En el caso del budismo, uno de los cinco preceptos es no incurrir en mala conducta sexual. La definición de esto se presta a interpretaciones, pero generalmente se considera que el budismo no condena la masturbación en personas seculares pero sí la prohibe para los monjes. En otras palabras, si tu único deseo "ardiente" es eliminar el deseo y alcanzar la iluminación ciertamente no debes de masturbarte, si lo tuyo es algo más terrenal y no te interesa tanto la purificación espiritual, no hay mucho que perder. La definición, pese a su apertura interpretativa, puede servirnos como una orientación moral y autorreflexiva.
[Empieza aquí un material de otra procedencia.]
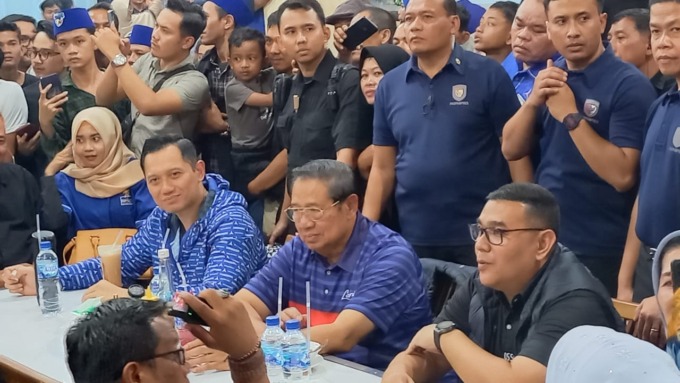 Di akhir safari politik di Sumatera Utara, Ketua Umum Partai Demokrat, Agus Harimurti Yudhoyono (AHY) dan Presiden ke-6 RI, Bambang Susilo Yudhoyono (AHY) menggelar silaturahim dengan para ulama, di Sumatera Utara, yang berlangsung di Hotel Adi Mulia, Kota Medan, Kamis (28/12/2023) pagi.
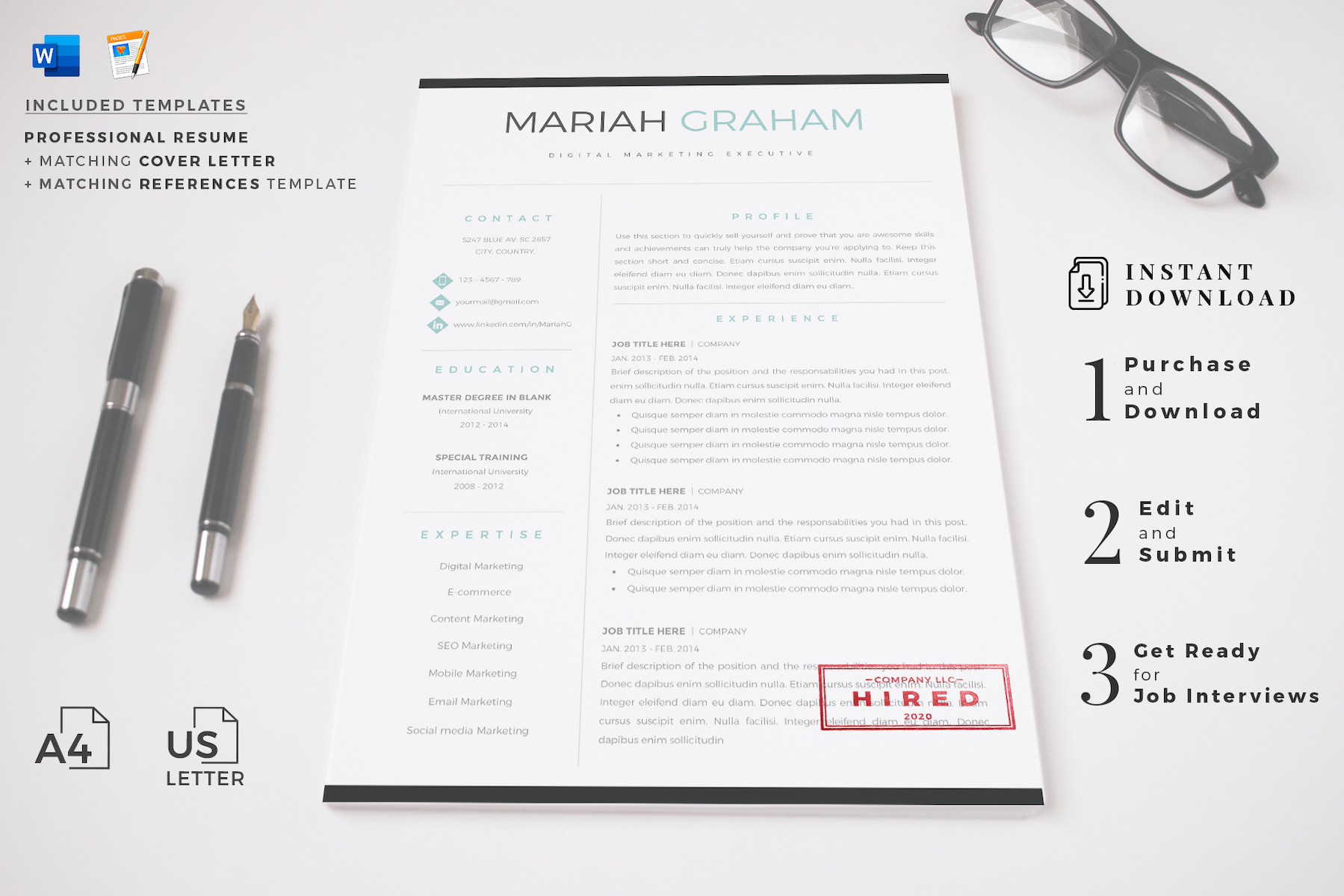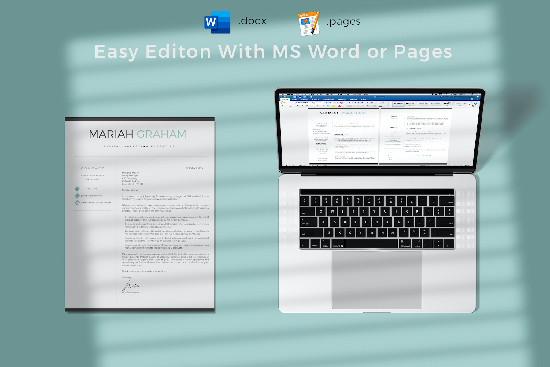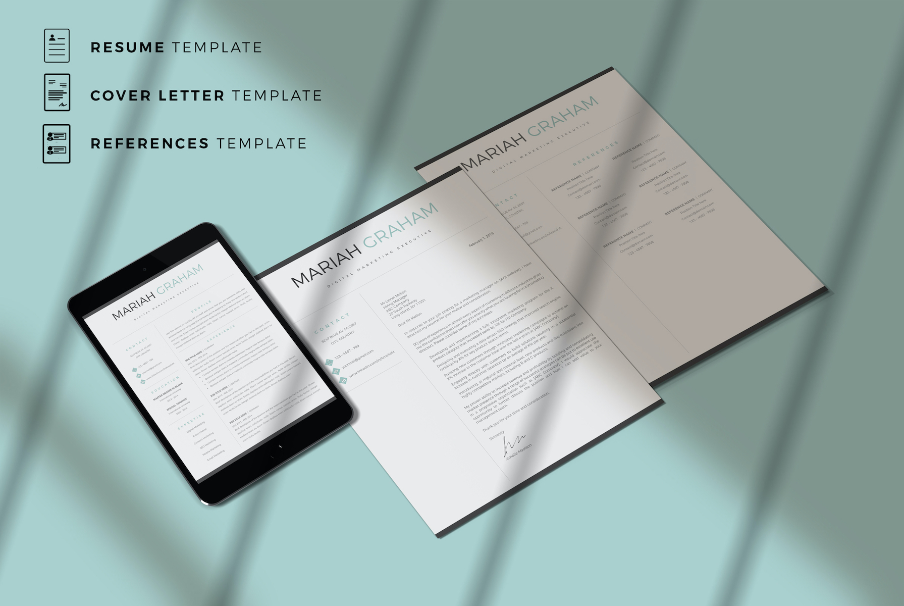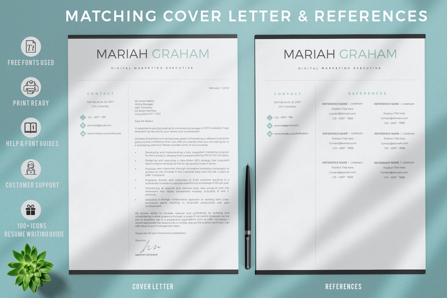 MARIAH - Professional Resume Template & Cover Letter with References Page. Marketing CV Modern

Nos podemos preguntar, ¿realmente nos está haciendo bien masturbarnos? ¿Estamos aplacando una necesidad y por lo tanto esto nos permite estar más calmados y llevar una mejor vida o, por el contrario, estamos generando más deseo y más miseria, fabricando fantasmas, apegos y nuevos obstáculos? Una forma de situarte es observar tu cuerpo y tu mente antes y depsués de la masturbación: ¿Te sientes más relajado? ¿Te sientes más cansado?

 

En general la mayoría de las religiones están en contra de la masturbación, algunas más explícitamente que otras, bajo la noción de que no contribuye a la purificación de la mente y el cuerpo, algo a lo que están orientadas las religiones. Pero encontramos algunas escuelas del hinduismo, por ejemplo, que no la reprueban. De ahí que el Kama Sutra de instrucciones para "ordeñar el león" de manera bastante efusiva.

 

De todo lo anterior podemos concluir que la masturbación debe también realizarse con conciencia y moderación. Sabiendo que puede llevar a problemas de adicción, pero que en algunos casos puede relajar a una persona. Algunas personas tal vez se puedan beneficiar de esto, especialmente si incluyen su imaginación --y no la pornografía como un soporte del cual dependen. Otras quizás pueden beneficiarse de abandonar del todo la masturbación y cultivar su esencia vital y en este sentido alinearse con un camino tradicionalmente más espiritual.